The FSSA algorithm begins with the creation and visualization of functional time series (fts) data. We begin illustration of the FSSA algorithms with a univariate example of call center data. The number of calls made to a bank center, every six minutes, was tracked each day of the year in 1999. As such, for each day, we have 240 observations with which we can use to estimate functional data (fd) objects from. We can analyze each fd object day individually but it is more interesting to look at behavior of the data between days. We expect there to be some sort of pattern in the number of calls received to the call center between days for instance, they likely receive more calls during the weekdays than the weekends and we would like to uncover that behavior. So, we move our analysis from the finite dimensional domain of analyzing each day independent of one another for patterns within a day, to trying to find patterns between days and in particular, weekly patterns that arise from days of the week. This type of analyze calls for an approach that uses fd objects that can be used to extract information about the call center behavior not only within a day but also between the 365 days of hte year. As such, we create fd objects from the raw callcenter data using the following.
require(fda)
require(Rfssa)
data("Callcenter")
## Define functional objects
D <- matrix(sqrt(Callcenter$calls),nrow = 240)
N <- ncol(D)
time <- seq(ISOdate(1999,1,1), ISOdate(1999,12,31), by="day")
K <- nrow(D)
u <- seq(0,K,length.out =K)
d <- 22 #Optimal Number of basis elements
basis <- create.bspline.basis(c(min(u),max(u)),d)
Ysmooth <- smooth.basis(u,D,basis)
At this point, we have created 365 curves where each curve is representative of the number of calls to the center on a given day, throughout that day. Notice that the data is by definition, dependent on time, so really we are working with fts data and need to convert it to the proper fts object with the following.

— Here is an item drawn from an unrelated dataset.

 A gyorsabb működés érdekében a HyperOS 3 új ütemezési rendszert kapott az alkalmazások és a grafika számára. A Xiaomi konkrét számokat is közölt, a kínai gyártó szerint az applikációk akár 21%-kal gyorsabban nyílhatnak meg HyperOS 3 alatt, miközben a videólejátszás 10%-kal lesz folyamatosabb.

## Define functional time series
Y <- fts(Ysmooth$fd,time = time)
In this version of the Rfssa package, we introduced plotting for fts objects that uses the ‘plotly’ package. The idea is to use these plots to help in deciding a proper lag parameter for the FSSA algorithm and to give a little more clearer view of the fts data. The following shows examples of the different plotting options available to the user using our call center example.

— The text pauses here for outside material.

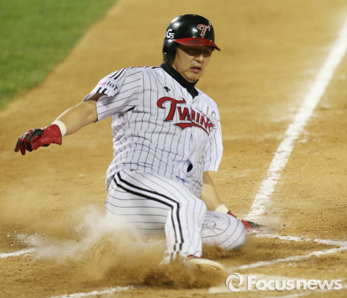 (서울=포커스뉴스) 29일 서울 잠실구장에서 열린 2016 프로야구 kt-LG 경기 7회말 1사 만루에서 LG 이병규의 우전안타때 2루주자 서상우가 홈인하고 있다.

Here’s a line plot showing the fts object where each curve is representative of calls received in a day, throughout the day for 365 days. We see that despite the day, the call center receives less calls early in the day and more calls later on in the day which is the trend component we expect the FSSA algorithm to find.
plot(Y, main="Line Plot of Callcenter Data",xlab = "Intraday Intervals",ylab = "Sqrt of Callcenter", type='line')

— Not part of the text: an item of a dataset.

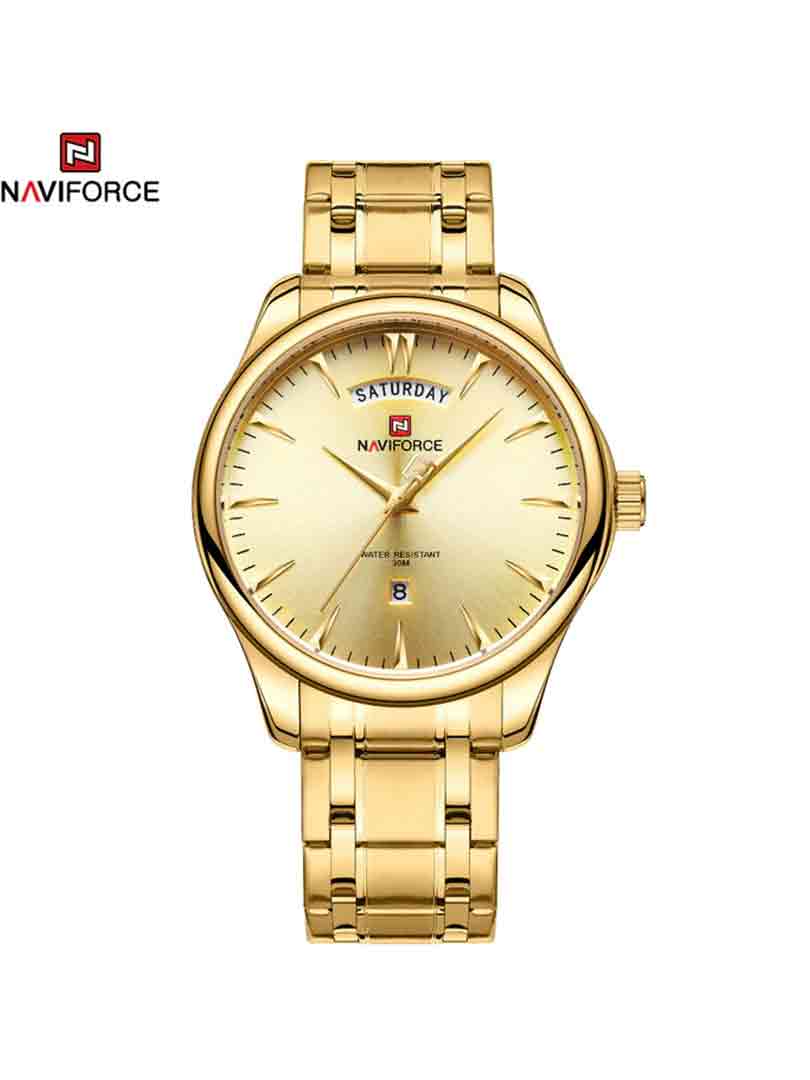 مدل نیوی فورس NF8202این ساعت دارای قاب گرد با طراحی مینیمال و شیک است. صفحه نمایش آن آنالوگ بوده و از ویژگی های آن می توان به ضد آب بودن، نمایش تاریخ و ساعت دومی اشاره کرد. این ساعت دارای بند فلزی با روکش PVD می باشد.

This next plot is a heat map which offers a top-down view of the fts object so that the user can more clearly see patterns in the functions over days. We see that there is periodicity present in the fts object as about every seven days, we have a change in function behavior. This is to be expected as the bank receives less calls on weekends.
plot(Y, main = "Heat Map of Callcenter Data",tlab="Days",xlab = "Intraday Intervals", type='heatmap')
The following 3D surface and 3D line plot options are helpful in the sense that they combine the information provided in the line plot with the information provided in the heat map plot. For our call center example, we again see the seven day periodic behavior.
plot(Y, xlab = "Intraday intervals",ylab = "Sqrt of Callcenter", type='3Dsurface')
plot(Y, xlab = "Intraday intervals",ylab = "Sqrt of Callcenter", type='3Dline')
In general, the addition of the fts class with the new plotting options for the object is extremely helpful and informative when analyzing functional time series data as seen in our univariate call center example. These plotting options give us clues into how we choose our lag parameter and what types of patterns we should be searching for in our FSSA plots. For instance, since we see a roughly seven day periodic component, we expect to see seven pop up in our functional singular spectrum analysis in some way such as in the paired-plots.